**Task brief**
In this exercise, set down every entry that follows exactly as it appears.

**Input material**
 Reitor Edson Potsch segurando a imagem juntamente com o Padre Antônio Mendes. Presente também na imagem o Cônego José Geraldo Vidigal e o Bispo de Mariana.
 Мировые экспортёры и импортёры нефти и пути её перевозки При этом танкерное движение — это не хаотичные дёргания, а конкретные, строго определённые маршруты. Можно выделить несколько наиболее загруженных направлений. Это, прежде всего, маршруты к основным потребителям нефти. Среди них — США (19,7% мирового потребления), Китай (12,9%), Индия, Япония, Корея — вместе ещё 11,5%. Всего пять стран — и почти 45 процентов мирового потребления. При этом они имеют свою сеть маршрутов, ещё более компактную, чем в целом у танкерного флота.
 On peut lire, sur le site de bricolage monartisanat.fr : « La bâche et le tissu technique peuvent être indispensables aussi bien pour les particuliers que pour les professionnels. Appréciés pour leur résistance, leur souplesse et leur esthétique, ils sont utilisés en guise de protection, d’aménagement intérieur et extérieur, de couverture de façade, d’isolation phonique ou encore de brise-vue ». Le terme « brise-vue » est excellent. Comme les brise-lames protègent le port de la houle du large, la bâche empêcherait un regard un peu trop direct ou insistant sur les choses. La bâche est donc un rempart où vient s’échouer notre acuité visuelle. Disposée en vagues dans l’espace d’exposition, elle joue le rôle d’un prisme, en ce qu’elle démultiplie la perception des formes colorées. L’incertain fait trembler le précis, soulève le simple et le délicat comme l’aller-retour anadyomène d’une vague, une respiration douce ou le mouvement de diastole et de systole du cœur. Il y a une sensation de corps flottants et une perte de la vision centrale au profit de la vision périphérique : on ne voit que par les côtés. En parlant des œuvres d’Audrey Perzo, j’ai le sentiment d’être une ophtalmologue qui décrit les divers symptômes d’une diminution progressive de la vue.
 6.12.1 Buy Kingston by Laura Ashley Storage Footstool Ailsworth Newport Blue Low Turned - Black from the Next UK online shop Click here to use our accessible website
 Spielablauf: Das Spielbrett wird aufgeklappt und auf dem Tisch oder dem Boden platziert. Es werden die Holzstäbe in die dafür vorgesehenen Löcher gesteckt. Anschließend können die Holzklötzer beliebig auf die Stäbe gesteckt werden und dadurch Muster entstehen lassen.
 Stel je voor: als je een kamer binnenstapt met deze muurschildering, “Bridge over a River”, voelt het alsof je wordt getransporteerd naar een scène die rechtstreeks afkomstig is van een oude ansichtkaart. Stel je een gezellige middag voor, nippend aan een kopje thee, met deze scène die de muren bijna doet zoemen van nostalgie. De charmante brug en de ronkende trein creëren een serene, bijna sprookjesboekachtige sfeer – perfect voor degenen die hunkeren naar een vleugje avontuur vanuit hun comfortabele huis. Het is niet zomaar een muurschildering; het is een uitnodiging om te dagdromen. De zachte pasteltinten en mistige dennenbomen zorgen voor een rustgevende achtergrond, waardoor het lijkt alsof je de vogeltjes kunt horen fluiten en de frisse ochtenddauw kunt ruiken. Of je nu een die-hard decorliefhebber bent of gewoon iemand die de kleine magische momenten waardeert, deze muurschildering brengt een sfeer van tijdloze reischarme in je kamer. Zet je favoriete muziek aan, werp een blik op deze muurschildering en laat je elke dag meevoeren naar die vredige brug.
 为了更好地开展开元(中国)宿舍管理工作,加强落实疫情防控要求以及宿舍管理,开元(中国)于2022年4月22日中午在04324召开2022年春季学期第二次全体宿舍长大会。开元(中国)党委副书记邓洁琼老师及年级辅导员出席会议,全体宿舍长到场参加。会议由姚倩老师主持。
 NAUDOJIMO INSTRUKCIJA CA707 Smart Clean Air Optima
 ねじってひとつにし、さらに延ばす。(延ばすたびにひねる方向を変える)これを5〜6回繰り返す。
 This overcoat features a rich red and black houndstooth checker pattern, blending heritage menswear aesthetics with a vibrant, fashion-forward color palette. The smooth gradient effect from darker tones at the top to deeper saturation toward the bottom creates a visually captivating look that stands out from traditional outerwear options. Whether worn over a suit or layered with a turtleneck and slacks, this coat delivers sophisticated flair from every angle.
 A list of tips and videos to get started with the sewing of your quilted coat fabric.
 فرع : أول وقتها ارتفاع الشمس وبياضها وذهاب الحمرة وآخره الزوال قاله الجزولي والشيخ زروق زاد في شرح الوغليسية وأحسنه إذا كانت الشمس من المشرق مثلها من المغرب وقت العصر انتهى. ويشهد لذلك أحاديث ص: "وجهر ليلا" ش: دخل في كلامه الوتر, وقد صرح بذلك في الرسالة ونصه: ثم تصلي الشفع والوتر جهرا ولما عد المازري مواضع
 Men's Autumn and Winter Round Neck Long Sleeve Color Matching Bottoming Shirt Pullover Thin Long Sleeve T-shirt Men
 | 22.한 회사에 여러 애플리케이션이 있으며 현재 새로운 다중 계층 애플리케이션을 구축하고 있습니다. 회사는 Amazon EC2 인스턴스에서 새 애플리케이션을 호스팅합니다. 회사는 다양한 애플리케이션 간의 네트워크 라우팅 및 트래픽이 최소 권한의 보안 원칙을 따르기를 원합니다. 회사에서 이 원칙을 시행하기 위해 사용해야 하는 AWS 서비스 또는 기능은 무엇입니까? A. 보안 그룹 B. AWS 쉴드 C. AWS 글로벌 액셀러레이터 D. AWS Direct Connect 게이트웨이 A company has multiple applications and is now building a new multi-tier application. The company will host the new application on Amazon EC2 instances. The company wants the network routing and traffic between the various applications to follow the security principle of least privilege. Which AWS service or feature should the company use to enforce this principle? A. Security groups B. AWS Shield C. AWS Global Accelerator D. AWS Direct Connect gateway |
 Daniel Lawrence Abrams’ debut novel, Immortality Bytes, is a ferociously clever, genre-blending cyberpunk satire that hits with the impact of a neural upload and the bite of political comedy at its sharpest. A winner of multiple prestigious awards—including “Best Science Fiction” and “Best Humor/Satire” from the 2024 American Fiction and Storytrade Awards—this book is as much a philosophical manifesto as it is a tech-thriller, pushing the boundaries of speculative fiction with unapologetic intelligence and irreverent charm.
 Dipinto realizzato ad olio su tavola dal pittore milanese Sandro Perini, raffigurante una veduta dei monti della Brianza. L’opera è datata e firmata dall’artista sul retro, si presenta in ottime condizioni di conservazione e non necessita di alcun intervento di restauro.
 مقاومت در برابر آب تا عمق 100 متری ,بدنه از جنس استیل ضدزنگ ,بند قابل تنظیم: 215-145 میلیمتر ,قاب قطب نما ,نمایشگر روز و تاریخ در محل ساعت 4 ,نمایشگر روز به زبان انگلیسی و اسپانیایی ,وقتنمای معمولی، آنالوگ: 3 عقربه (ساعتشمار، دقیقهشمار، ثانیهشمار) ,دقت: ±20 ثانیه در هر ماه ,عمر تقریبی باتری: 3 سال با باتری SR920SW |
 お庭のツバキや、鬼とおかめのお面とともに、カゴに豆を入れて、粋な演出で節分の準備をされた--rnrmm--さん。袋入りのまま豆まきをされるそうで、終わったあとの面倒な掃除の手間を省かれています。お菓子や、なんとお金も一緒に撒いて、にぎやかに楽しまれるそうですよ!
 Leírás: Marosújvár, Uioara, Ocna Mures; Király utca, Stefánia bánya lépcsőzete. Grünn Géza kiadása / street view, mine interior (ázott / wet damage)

**Response to the exercise**
 Reitor Edson Potsch segurando a imagem juntamente com o Padre Antônio Mendes. Presente também na imagem o Cônego José Geraldo Vidigal e o Bispo de Mariana.
 Мировые экспортёры и импортёры нефти и пути её перевозки При этом танкерное движение — это не хаотичные дёргания, а конкретные, строго определённые маршруты. Можно выделить несколько наиболее загруженных направлений. Это, прежде всего, маршруты к основным потребителям нефти. Среди них — США (19,7% мирового потребления), Китай (12,9%), Индия, Япония, Корея — вместе ещё 11,5%. Всего пять стран — и почти 45 процентов мирового потребления. При этом они имеют свою сеть маршрутов, ещё более компактную, чем в целом у танкерного флота.
 On peut lire, sur le site de bricolage monartisanat.fr : « La bâche et le tissu technique peuvent être indispensables aussi bien pour les particuliers que pour les professionnels. Appréciés pour leur résistance, leur souplesse et leur esthétique, ils sont utilisés en guise de protection, d’aménagement intérieur et extérieur, de couverture de façade, d’isolation phonique ou encore de brise-vue ». Le terme « brise-vue » est excellent. Comme les brise-lames protègent le port de la houle du large, la bâche empêcherait un regard un peu trop direct ou insistant sur les choses. La bâche est donc un rempart où vient s’échouer notre acuité visuelle. Disposée en vagues dans l’espace d’exposition, elle joue le rôle d’un prisme, en ce qu’elle démultiplie la perception des formes colorées. L’incertain fait trembler le précis, soulève le simple et le délicat comme l’aller-retour anadyomène d’une vague, une respiration douce ou le mouvement de diastole et de systole du cœur. Il y a une sensation de corps flottants et une perte de la vision centrale au profit de la vision périphérique : on ne voit que par les côtés. En parlant des œuvres d’Audrey Perzo, j’ai le sentiment d’être une ophtalmologue qui décrit les divers symptômes d’une diminution progressive de la vue.
 6.12.1 Buy Kingston by Laura Ashley Storage Footstool Ailsworth Newport Blue Low Turned - Black from the Next UK online shop Click here to use our accessible website
 Spielablauf: Das Spielbrett wird aufgeklappt und auf dem Tisch oder dem Boden platziert. Es werden die Holzstäbe in die dafür vorgesehenen Löcher gesteckt. Anschließend können die Holzklötzer beliebig auf die Stäbe gesteckt werden und dadurch Muster entstehen lassen.
 Stel je voor: als je een kamer binnenstapt met deze muurschildering, “Bridge over a River”, voelt het alsof je wordt getransporteerd naar een scène die rechtstreeks afkomstig is van een oude ansichtkaart. Stel je een gezellige middag voor, nippend aan een kopje thee, met deze scène die de muren bijna doet zoemen van nostalgie. De charmante brug en de ronkende trein creëren een serene, bijna sprookjesboekachtige sfeer – perfect voor degenen die hunkeren naar een vleugje avontuur vanuit hun comfortabele huis. Het is niet zomaar een muurschildering; het is een uitnodiging om te dagdromen. De zachte pasteltinten en mistige dennenbomen zorgen voor een rustgevende achtergrond, waardoor het lijkt alsof je de vogeltjes kunt horen fluiten en de frisse ochtenddauw kunt ruiken. Of je nu een die-hard decorliefhebber bent of gewoon iemand die de kleine magische momenten waardeert, deze muurschildering brengt een sfeer van tijdloze reischarme in je kamer. Zet je favoriete muziek aan, werp een blik op deze muurschildering en laat je elke dag meevoeren naar die vredige brug.
 为了更好地开展开元(中国)宿舍管理工作,加强落实疫情防控要求以及宿舍管理,开元(中国)于2022年4月22日中午在04324召开2022年春季学期第二次全体宿舍长大会。开元(中国)党委副书记邓洁琼老师及年级辅导员出席会议,全体宿舍长到场参加。会议由姚倩老师主持。
 NAUDOJIMO INSTRUKCIJA CA707 Smart Clean Air Optima
 ねじってひとつにし、さらに延ばす。(延ばすたびにひねる方向を変える)これを5〜6回繰り返す。
 This overcoat features a rich red and black houndstooth checker pattern, blending heritage menswear aesthetics with a vibrant, fashion-forward color palette. The smooth gradient effect from darker tones at the top to deeper saturation toward the bottom creates a visually captivating look that stands out from traditional outerwear options. Whether worn over a suit or layered with a turtleneck and slacks, this coat delivers sophisticated flair from every angle.
 A list of tips and videos to get started with the sewing of your quilted coat fabric.
 فرع : أول وقتها ارتفاع الشمس وبياضها وذهاب الحمرة وآخره الزوال قاله الجزولي والشيخ زروق زاد في شرح الوغليسية وأحسنه إذا كانت الشمس من المشرق مثلها من المغرب وقت العصر انتهى. ويشهد لذلك أحاديث ص: "وجهر ليلا" ش: دخل في كلامه الوتر, وقد صرح بذلك في الرسالة ونصه: ثم تصلي الشفع والوتر جهرا ولما عد المازري مواضع
 Men's Autumn and Winter Round Neck Long Sleeve Color Matching Bottoming Shirt Pullover Thin Long Sleeve T-shirt Men
 | 22.한 회사에 여러 애플리케이션이 있으며 현재 새로운 다중 계층 애플리케이션을 구축하고 있습니다. 회사는 Amazon EC2 인스턴스에서 새 애플리케이션을 호스팅합니다. 회사는 다양한 애플리케이션 간의 네트워크 라우팅 및 트래픽이 최소 권한의 보안 원칙을 따르기를 원합니다. 회사에서 이 원칙을 시행하기 위해 사용해야 하는 AWS 서비스 또는 기능은 무엇입니까? A. 보안 그룹 B. AWS 쉴드 C. AWS 글로벌 액셀러레이터 D. AWS Direct Connect 게이트웨이 A company has multiple applications and is now building a new multi-tier application. The company will host the new application on Amazon EC2 instances. The company wants the network routing and traffic between the various applications to follow the security principle of least privilege. Which AWS service or feature should the company use to enforce this principle? A. Security groups B. AWS Shield C. AWS Global Accelerator D. AWS Direct Connect gateway |
 Daniel Lawrence Abrams’ debut novel, Immortality Bytes, is a ferociously clever, genre-blending cyberpunk satire that hits with the impact of a neural upload and the bite of political comedy at its sharpest. A winner of multiple prestigious awards—including “Best Science Fiction” and “Best Humor/Satire” from the 2024 American Fiction and Storytrade Awards—this book is as much a philosophical manifesto as it is a tech-thriller, pushing the boundaries of speculative fiction with unapologetic intelligence and irreverent charm.
 Dipinto realizzato ad olio su tavola dal pittore milanese Sandro Perini, raffigurante una veduta dei monti della Brianza. L’opera è datata e firmata dall’artista sul retro, si presenta in ottime condizioni di conservazione e non necessita di alcun intervento di restauro.
 مقاومت در برابر آب تا عمق 100 متری ,بدنه از جنس استیل ضدزنگ ,بند قابل تنظیم: 215-145 میلیمتر ,قاب قطب نما ,نمایشگر روز و تاریخ در محل ساعت 4 ,نمایشگر روز به زبان انگلیسی و اسپانیایی ,وقتنمای معمولی، آنالوگ: 3 عقربه (ساعتشمار، دقیقهشمار، ثانیهشمار) ,دقت: ±20 ثانیه در هر ماه ,عمر تقریبی باتری: 3 سال با باتری SR920SW |
 お庭のツバキや、鬼とおかめのお面とともに、カゴに豆を入れて、粋な演出で節分の準備をされた--rnrmm--さん。袋入りのまま豆まきをされるそうで、終わったあとの面倒な掃除の手間を省かれています。お菓子や、なんとお金も一緒に撒いて、にぎやかに楽しまれるそうですよ!
 Leírás: Marosújvár, Uioara, Ocna Mures; Király utca, Stefánia bánya lépcsőzete. Grünn Géza kiadása / street view, mine interior (ázott / wet damage)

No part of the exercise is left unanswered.